European conscience - Not all refugees are the same
In the EU all refugees should be equal, but some are more equal than others.
- Sunday, 24 April 2016
The creation of a single market among European Union member states has brought about major transformations at its borders. A shared set of rules has been developed for importing goods into the EU, while internally, the free circulation of European citizens has made national borders almost invisible, at least within the Schengen area. At this point, it makes no difference whether a load of bananas enters Europe through Finland or Spain, but the same cannot be said of an asylum seeker.
A huge increase in the flow of asylum seekers began in 2013. In 2015 alone, Europe received 1,349,648 requests for international protection. In response, the EU developed a Common European Asylum System (CEAS) intended to harmonise legislation and national practices concerning refugees as well as provide greater protection of their rights. Anyone fleeing from personal persecution or serious harm in their home country should be able to rely on similar asylum request procedures throughout Europe, along with standard reception conditions and interviews to establish refugees status that are respectful of the applicant’s condition (for example regarding language), the chance to appeal a negative outcome and the enjoyment of a number of rights if asylum is granted, such as access to the job market and health care. But in practice, studies and reports produced by research institutes and NGOs, such as Breugel, FIERI and AIDA, indicate that this integration is far from complete. Political responses have been generally weak, and there is a striking lack of solidarity among member states.
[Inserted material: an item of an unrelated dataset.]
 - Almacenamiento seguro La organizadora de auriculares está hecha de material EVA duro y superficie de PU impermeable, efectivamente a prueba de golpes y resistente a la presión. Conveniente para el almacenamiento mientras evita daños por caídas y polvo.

Many of the problems stem from the Dublin principle whereby all asylum applications must be filed in the country where a refugee first enters the EU. In other words, if 157,000 migrants land on the coast of Sicily in one year, Italy will have to deal with them all, deciding which among them is a ‘basic’ economic migrant, who may be directly repatriated, or a potential refugee, who cannot be sent back according to the prescriptions of the Geneva convention, and must therefore be looked after at least until the international protection allocation procedure is completed. Although CEAS is intent on introducing common rules for asylum, it is nevertheless obvious that the system involves an asymmetrical allocation of costs among states which penalises those located on the external borders. This situation has resulted in a few of those countries, primarily Italy and Greece, loosening controls on migrants who wish to file their asylum application elsewhere, despite the Dublin principle and the institution of the EURODAC database, which is designed to collect and share the fingerprints and photos of all new asylum seekers in order to be able to establish the country where the refugee first entered the EU. Depending on your perspective, the failure to apply these regulations can be seen as a form of indirect blackmail against Brussels in an attempt to secure more aid (the view of certain Northern European capitals) or, alternately, as a last resort in the face of an emergency situation (the view of Mediterranean countries). The recent resumption of border checks in a few Schengen countries is one of the outcomes of these political tensions.
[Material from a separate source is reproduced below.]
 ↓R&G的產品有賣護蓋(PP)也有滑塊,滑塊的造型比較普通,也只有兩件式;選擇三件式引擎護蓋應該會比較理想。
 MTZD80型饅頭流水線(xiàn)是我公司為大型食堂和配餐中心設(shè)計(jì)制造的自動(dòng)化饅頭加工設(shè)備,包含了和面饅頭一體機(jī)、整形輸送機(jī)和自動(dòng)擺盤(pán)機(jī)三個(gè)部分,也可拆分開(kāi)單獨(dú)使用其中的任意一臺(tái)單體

Mutual trust among member states is beginning to deteriorate, and the plan to redistribute protection applications (which was proposed by the European Commission and approved in a heavily curtailed version in the face of strenuous opposition) has so far produced laughable results: only 600 of the agreed 160,000 applicants have been relocated. And it’s not just European credibility that is suffering as a result. The refugees themselves are also suffering, being forced to take part in a depressing protection lottery. Moreover, the adoption of ‘safe country of origin’ lists, drafted to automate and speed up the identification of unsuitable protection applicants, does not account for specific cases. For example, Morocco is a relatively safe place but not if you are homosexual. There are also discrepancies in the structuring and handling of interviews by the national commissions called upon to decide the merit of each case, including differences in refugee reception. The European Court of Human Rights and the EU Court of Justice have had occasion to deem some of these interviews inhumane and humiliating. In other words, refugees are being treated unfairly, and their unequal treatment can be pinned on the ambivalent attitudes of governments and administrators. Whereas in Chancellor Angela Merkel’s Germany, Syrian applicants are given international protection no matter what, in Slovakia and Croatia, the level of successful application for Syrians is well below 50%.
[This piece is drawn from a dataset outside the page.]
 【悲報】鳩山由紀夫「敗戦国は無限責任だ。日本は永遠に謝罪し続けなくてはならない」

Plenty could be done to improve the efficiency and fairness of the European asylum system. To begin with, a reform of the Dublin principle could introduce a truly shared responsibility. And the goals laid out in the “European Agenda on Migration”, published by the European Commission last May, could be implemented in a serious manner. There are many measures with which European governments are fully conversant, but on which there has thus far been no unanimous agreement: a broader reallocation of the applications among countries based on family or cultural relations; an extension of the time refugees can spend outside of the country that has granted them protection; and the development of programs to assist with integration into social life and the workforce once protection has been granted. For the time being, it has been easier to reach an agreement with Turkey – by offering billions of euros and granting other concessions – to ensure that irregular refugees reaching Europe via Turkey are sent back. The agreement aims to reduce the migration flow to the Greek coasts by discouraging human trafficking, but it raises many questions as to how refugees will be treated in future. This is nothing more than a temporary solution that pushes back the existential problems connected to the integration process that the economic crisis had already brought to a head. It also papers over new rifts among groups of member states. In Europe, solidarity is a concept that always sounds very good in treatises but is not matched by the reality of EU policies, which harbour too many different conceptions of what the EU ought to be.